I check the does multiple times a day when they are due to kid. Their ligments and udders are checked when they are given their daily feeding of grain in the evening and also checked throughout the day on those with due dates approaching quickly. Since I started feeding their large feeding of hay and grain in the evening (Thanks, Vicki!) we have very very few night kiddings and even fewer early morning kiddings. Most kid from 4PM-10PM just as I like it.
We kid out a fairly good sized group a few times throughout the winter and spring and sometimes into Summer (yuck). They have a good sized space inside of the milking barn (cow) and also access outside. Hay is fed outside and they have to walk up a fairly steep hill. When a doe is in labor, she goes into a kidding pen. Things have changed slightly since we sold 3/4 of the milking herd (cow) and gave up our Grade A license. We have four kidding pens below where we used to stall cows in the winter. Plus I can put up kidding pens in the main section of their run in. We use hog panels cut to 5 and 6 foot lengths to have pens that can be put up quickly and taken down later. The hog panels allow the does to still see their penmates but they can't be bothered. 
If I worry a doe may kid while I am gone, I'll put her in a kidding pen. These are usually First fresheners. Especially in the winter. Left to their own devices FFs will invariably go out and drop their kids in the snow. This has to do with older does making them uncomfortable.
We use CAE Prevention on doelings and excess bucklings. The dam is left with however many kids we leave on her. How long she stays in the bonding pen depends on how quickly she and her kids bond and how strong her kid is. I like to have them out within 2-7 days. Sometimes, with older does who have proven their maternal abilities and with strong kids at side, they will be kicked out in less than 24 hours, ahead of a younger doe who has already been in a bonding pen for 3 days. I let mother and kid(s) out late morning. This is when the majority of the does are outside at the hay bale and enjoying the sun. This gives mom and kid(s) a chance to explore unharrassed.

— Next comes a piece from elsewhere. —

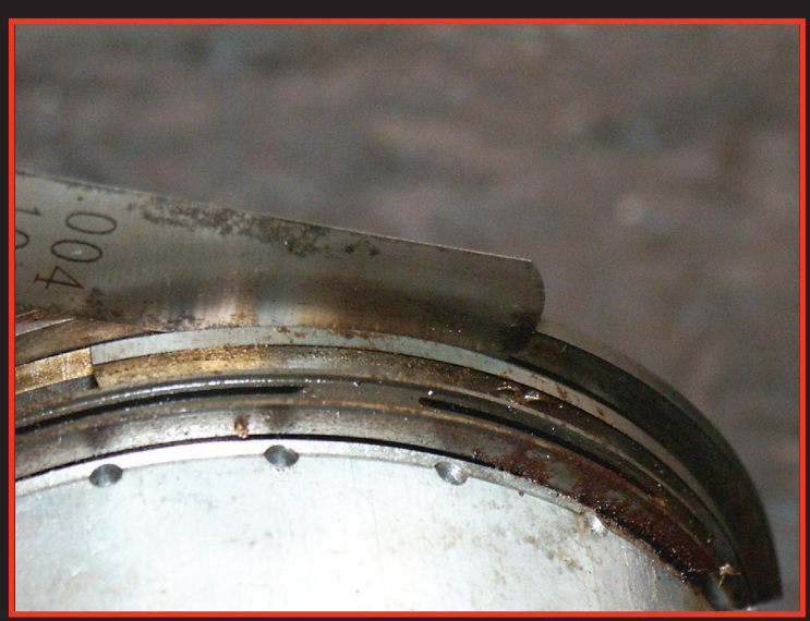
Check the clearance between the ring and piston groove with a feeler gauge as shown. If the clearance is .007 or more, the piston is shot and must be replaced. This one is at .004 and could be reused if otherwise undamaged.

rings and the remaining rings need not be disturbed."

The concern with penning a doe long before she is due is that exercise is so vital for a delivery to go smoothly. If you pen a doe up for a week before her delivery date she isn't getting the exercise she needs.
So I try to hold off until the very last minute.


----------



## Bella Star (Oct 27, 2007)

I have a area fenced off that's close to my house, I LOVE those free pallet's that are 8' long, I make houses using pallets and landscape timbers then cover with tin ,they are cheap and quick to make, they work and look good ,I leave the bottom open to soil,add chips and put a 2x6 across the doorway bottom to keep the babies in. I also wrap and secure the cord of a clamp on light around the top wood for a light in a corner and heat source that the baby kids love ,we even have a small heater secured in one ,you can add dividers in a 8' house so 2 doe's can have their babies in each section. I let the does pick their house for kidding and my doe's wont let another doe in with their kids .We also can move the houses around with the tractor after taking off the front pallet .


----------



## buckrun (Mar 7, 2008)

Our approach is much like Roseanna. We normally kid out in winter when it is cold and wet so each of our kidding stalls has a baby box that has a heat lamp fixture in the top. They find it themselves within minutes if they are cold. Hate watching little ones shiver! After the kids are 2 weeks old and have learned to come and go from barn to pasture (we plant rye so they graze all year) we start teaching them to go into a 'baby safe' at night which also has a larger box for a group with heat lamp so I can start them on cocci pellets and start taking half the milk production each morning. They learn to dash thru the little door very quickly to compete for pellets and beet pulp.After milking moms are passed into the baby safe and thru to the pasture after hooking up with their kiddos. (literally!)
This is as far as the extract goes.